La « réquisition farfelue » des résidents

Un bon nombre de résidents grévistes ont reçu des ordres de réquisitions selon le Dr Taileb mais aucun n’y a répondu favorablement. L’argument utilisé par les médecins grévistes est leur statut d’étudiants.

Dans les ordres de réquisitions envoyées aux résidents, les autorités « se réfèrent à des articles du Code du travail et du Code de la fonction publique qui ne concernent pas les résidents, puisqu’ils ne sont pas fonctionnaires et ne sont pas non plus des travailleurs, comme l’a avoué le ministre du Travail en personne », a affirmé le Dr Taileb.

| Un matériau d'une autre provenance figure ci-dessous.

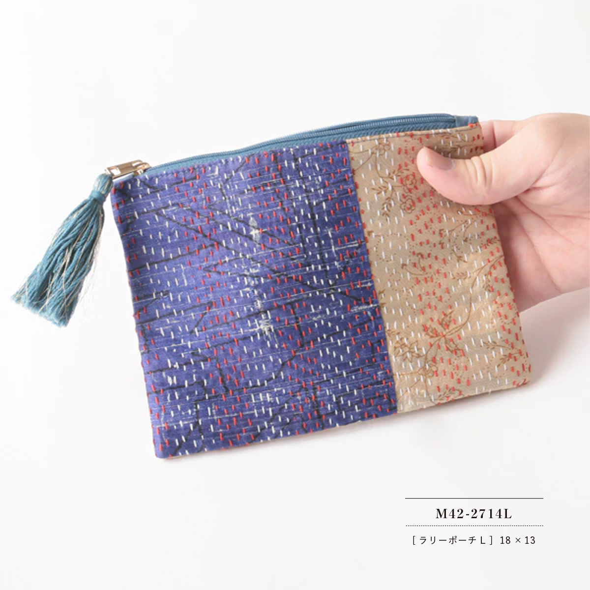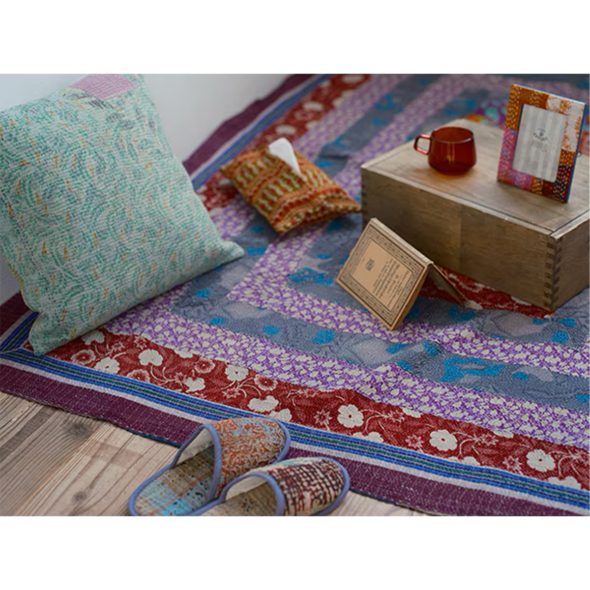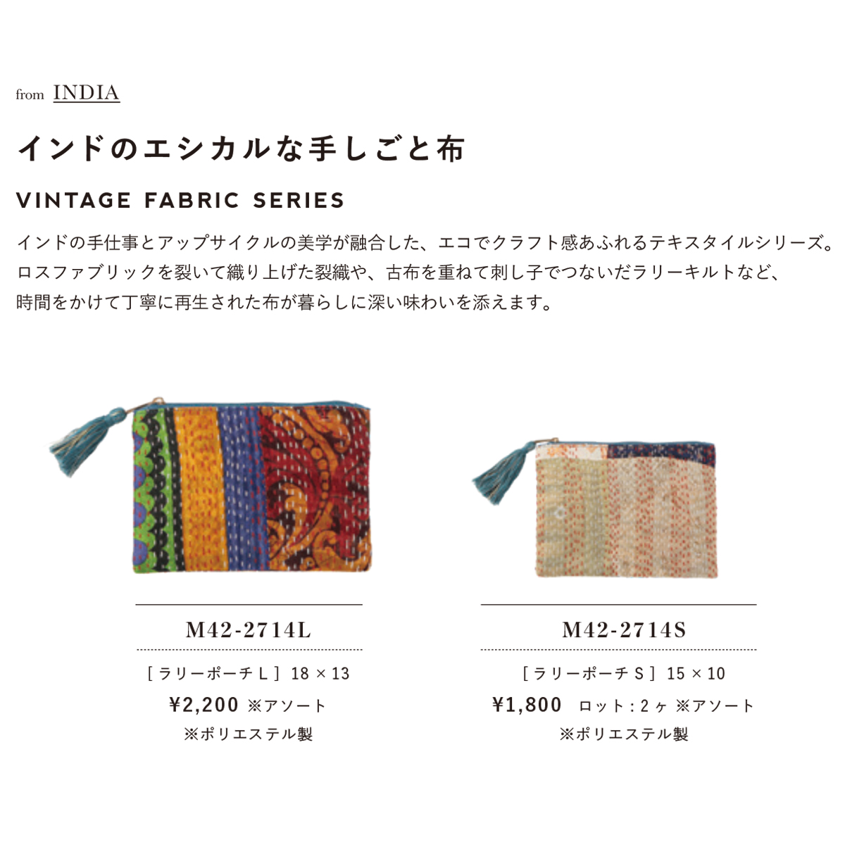 インドの昔ながらのエコロジー布である刺子を施したラリーキルトや先織り布を使用した小物雑貨のシリーズ。全てアソート生地の一点ものになります。毎回変わる生地の出会いをお楽しみください。素材を大切に再利用した味わい深い品々です。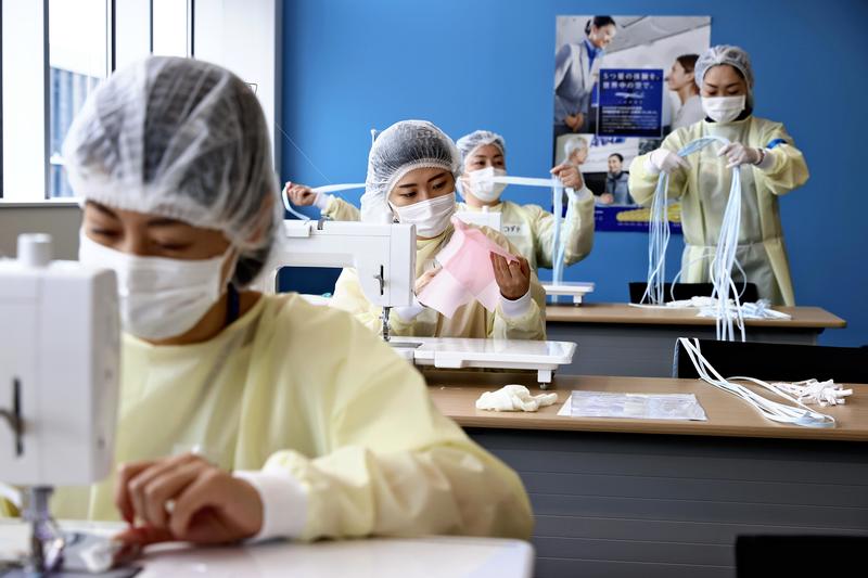 At the All Nippon Airways training center, near Haneda airport, Ota Ward, Tokyo, about 30 people clad in medical gowns to protect themselves against infection, were cutting fabric and making strings for medical gowns with sewing machines. The pilots and flight attendants were working on unfamiliar tasks.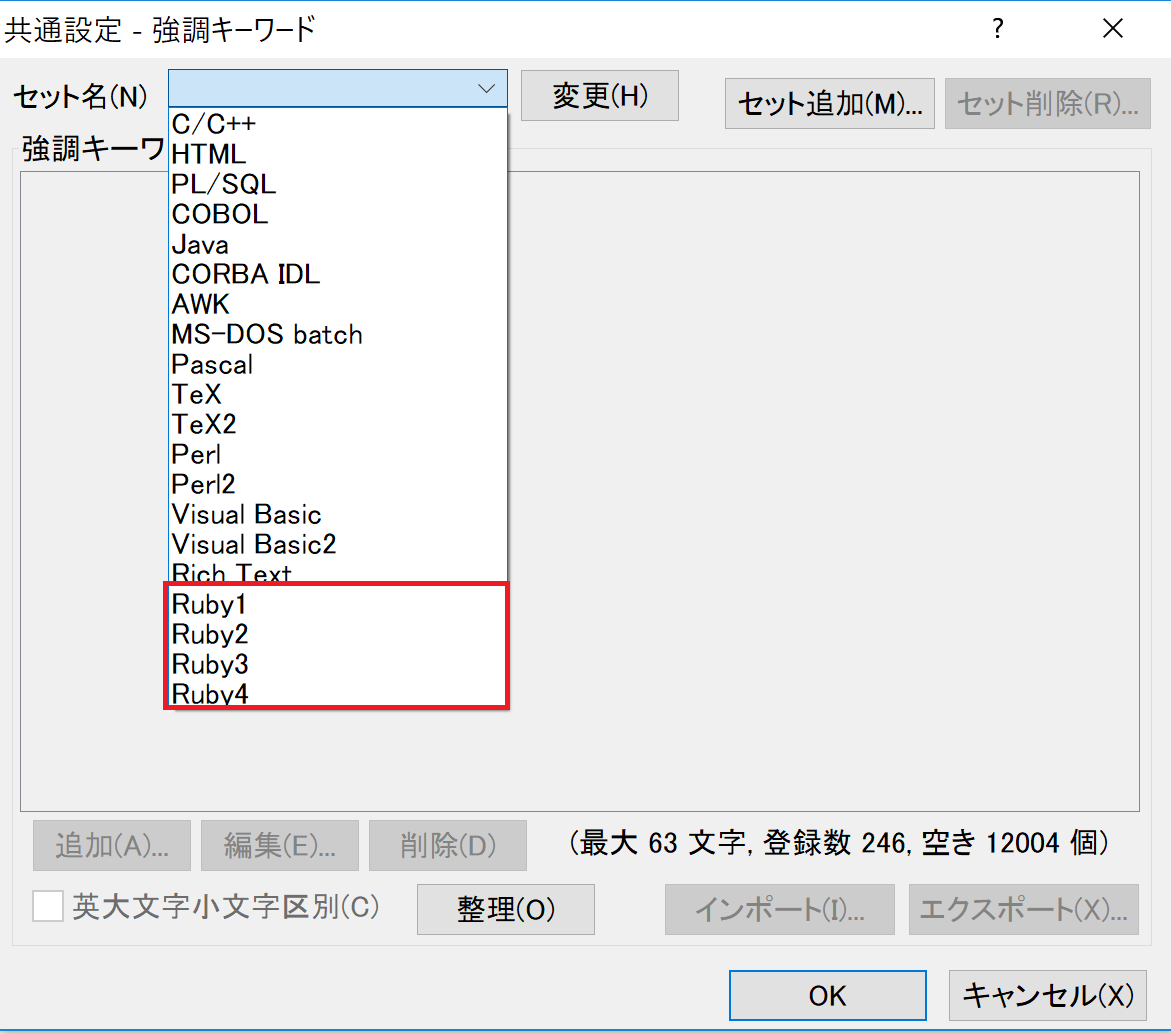 そして、「強調キーワード1」は「Ruby1」と各選択し「OK」を押下するのさ。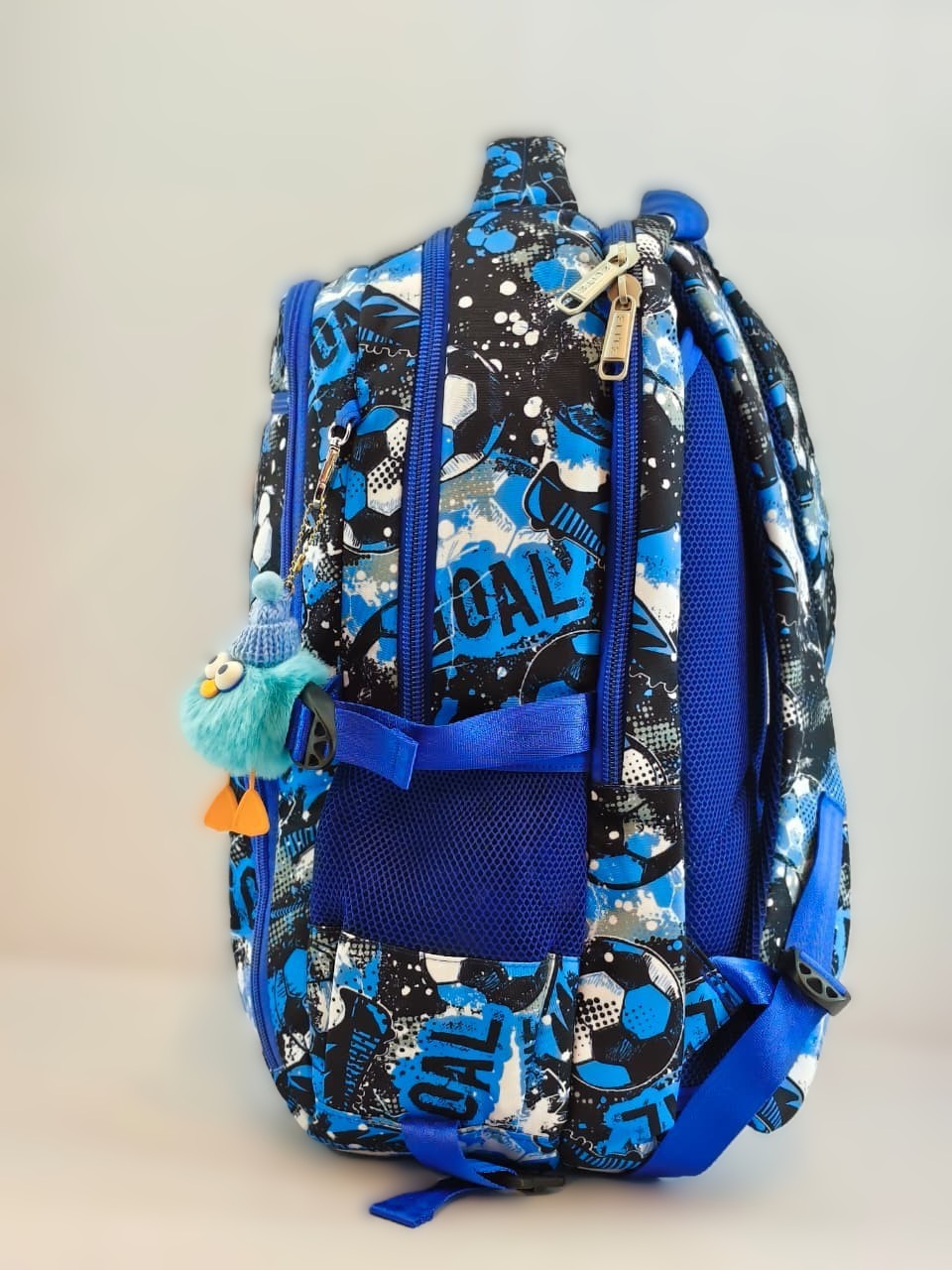 - الإضافات: تأتي مع ميدالية لطيفة ومرحة على شكل طائر أزرق يرتدي قبعة صوفية، مما يضيف لمسة مميزة ومحببة للحقيبة.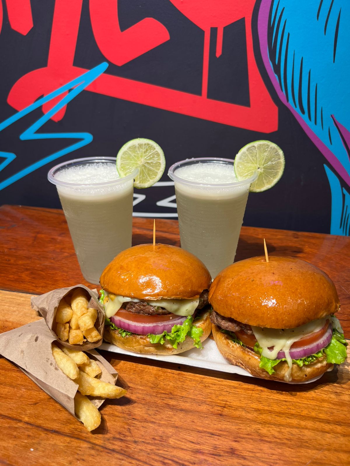 2 de nuestras Hamburguesas Sencillas (Pan artesanal, carne, queso mozzarella , lechuga, cebolla morada, tomate y salsa de la casa), 2 Porciones de Papas Francesas + 2 Limonada Naturales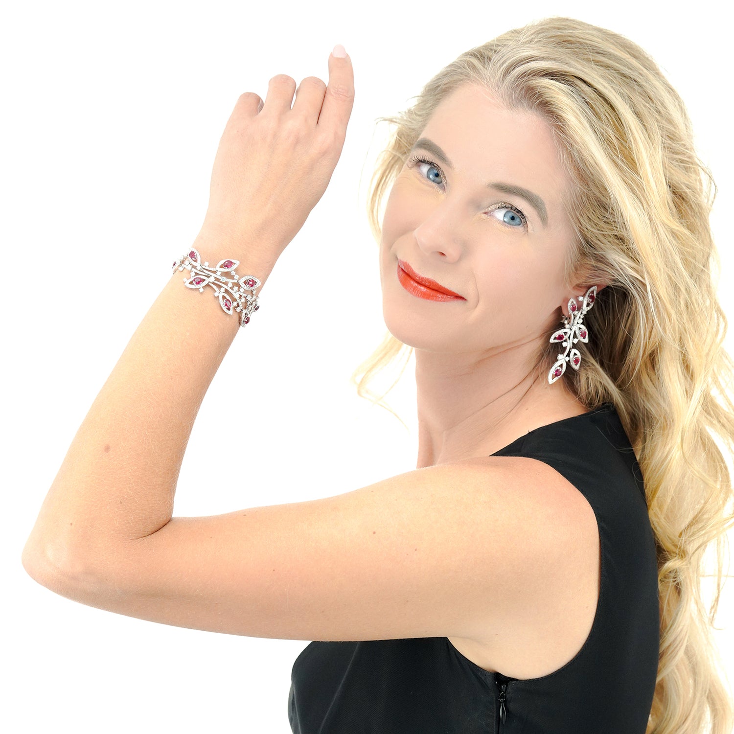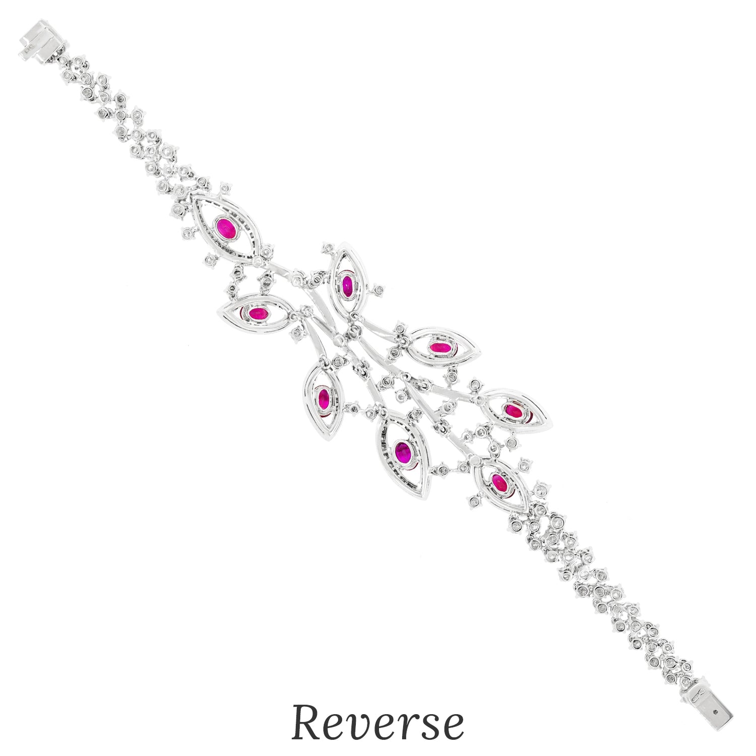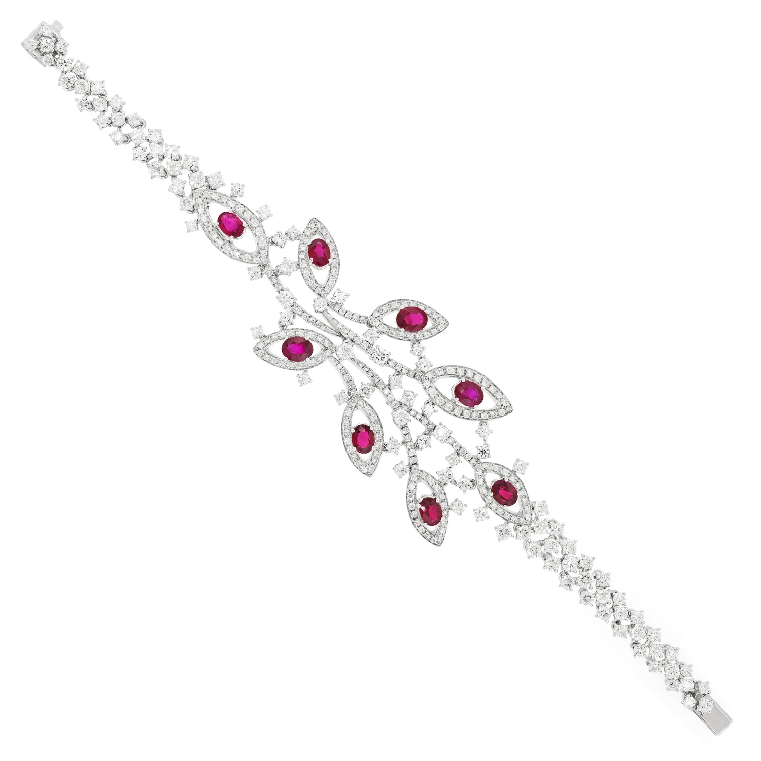 Circa 1990s, 18k, Italy. Always magnificent, Italian jewelry is built on a historic foundation of exceptional design, underscored by meticulous attention to detail and fine craftsmanship. The five carats of lush rubies and nine carats of brilliant white diamonds (G color VS clarity) are set in 18k white gold foliate silhouettes. The look is effortless Italian style, perfect dressed up or down. Excellent condition.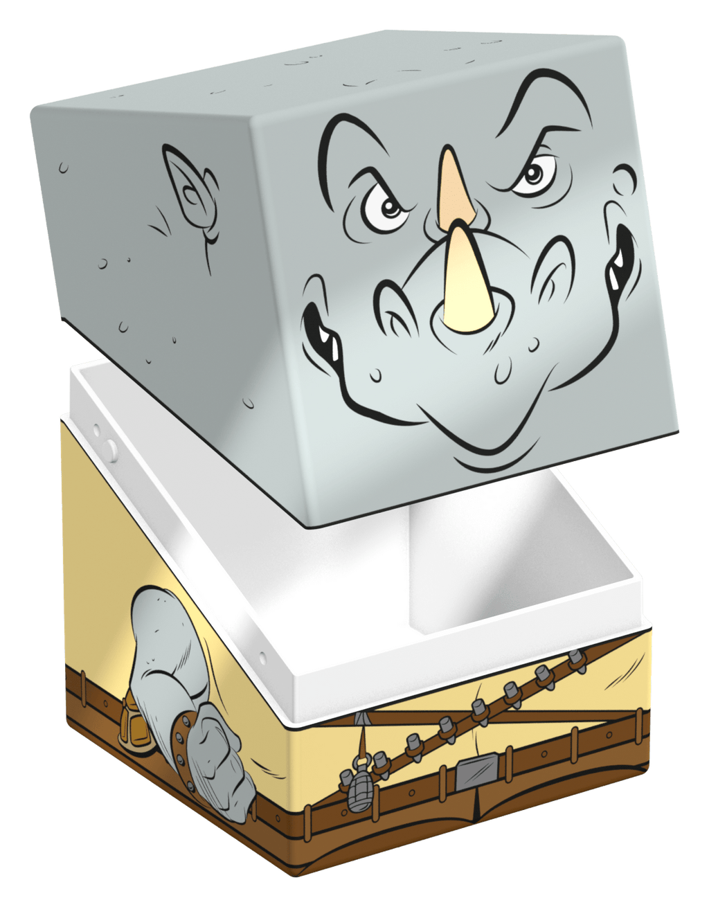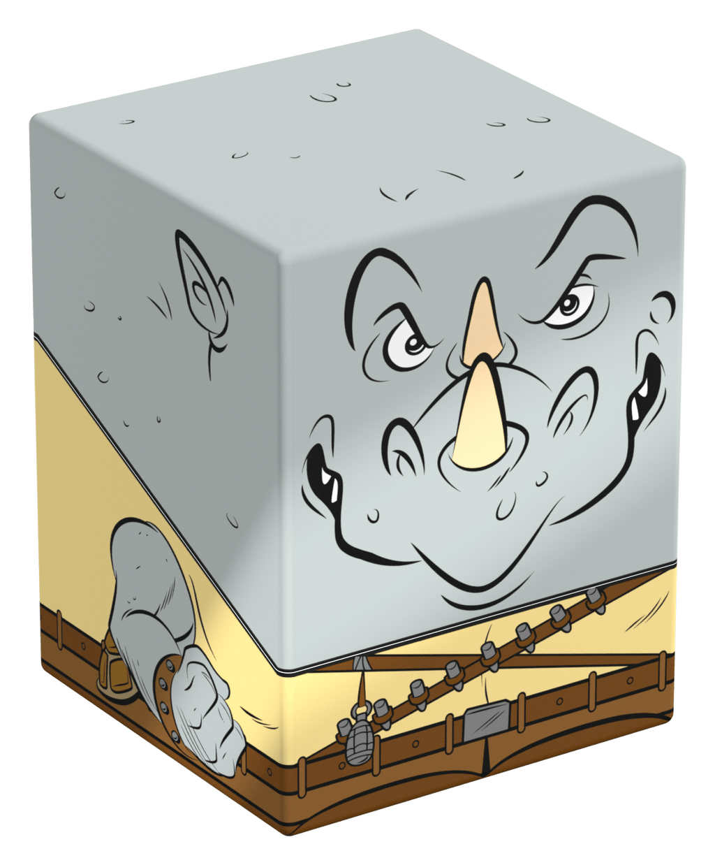 Collectible box for storing TCG decks, tabletop gaming accessories, and/or collectibles. The Rocksteady Squaroe from the Teenage Mutant Ninja Turtles™ edition holds up to 100 cards in double protective sleeves if used as a deck box. Squaroes are made from 78% renewable recources and fit perfectly into the separately available Collectors Case.

Pour le Dr Lyes Merabet, président du Syndicat national des praticiens de la santé publique (SNPSP), il s’agit de « réquisitions farfelues » car les résidents sont des médecins généralistes qui poursuivent leur formation pour devenir spécialistes et ne sont pas compétents pour assurer des gardes spécialisées, une tâche qui incombe surtout aux spécialistes hospitaliers qui sont, selon lui, « astreints par leurs statuts à assurer les gardes le plus normalement du monde ».

Le SNPSP a réitéré, lundi 29 avril, sa « solidarité et soutien inconditionnel au Collectif autonome des médecins résidents algériens » et a dénoncé et rejeté le « recours de l’administration de tutelle à des solutions hasardeuses et inadaptées à la solution induite par l’arrêt des médecins résidents de toutes les activités de garde, par le recours systématique aux réquisitions administratives des praticiens médicaux généralistes et spécialistes de santé publique ».

L’arrêt des gardes par les résidents a provoqué une « situation de crise absolue » pour le Dr Merabet, mais reste une action compréhensible car, selon lui, « Lorsqu’on ne perçoit pas de salaire pendant trois mois, on est en droit de se demander pourquoi continuer à assurer les gardes ».

L’arrêt total des gardes par les résidents a mis le ministère de la Santé en face de ses responsabilités tout en faisant éclater au grand jour la réalité de la situation des hôpitaux, notamment en ce qui concerne la gestion des gardes de nuit et de week-end.

Pour le Dr Merabet, le retrait des résidents des CHU depuis quelques jours, malgré les « dommages collatéraux » qu’il a provoqués et qui sont supportés par les autres praticiens de la santé publique, a des effets positifs, notamment celui de « démontrer la désorganisation qui régnait dans les hôpitaux et de dévoiler une situation cachée de la réalité des services spécialisés qui ne fonctionnent pratiquement qu’avec des médecins résidents ».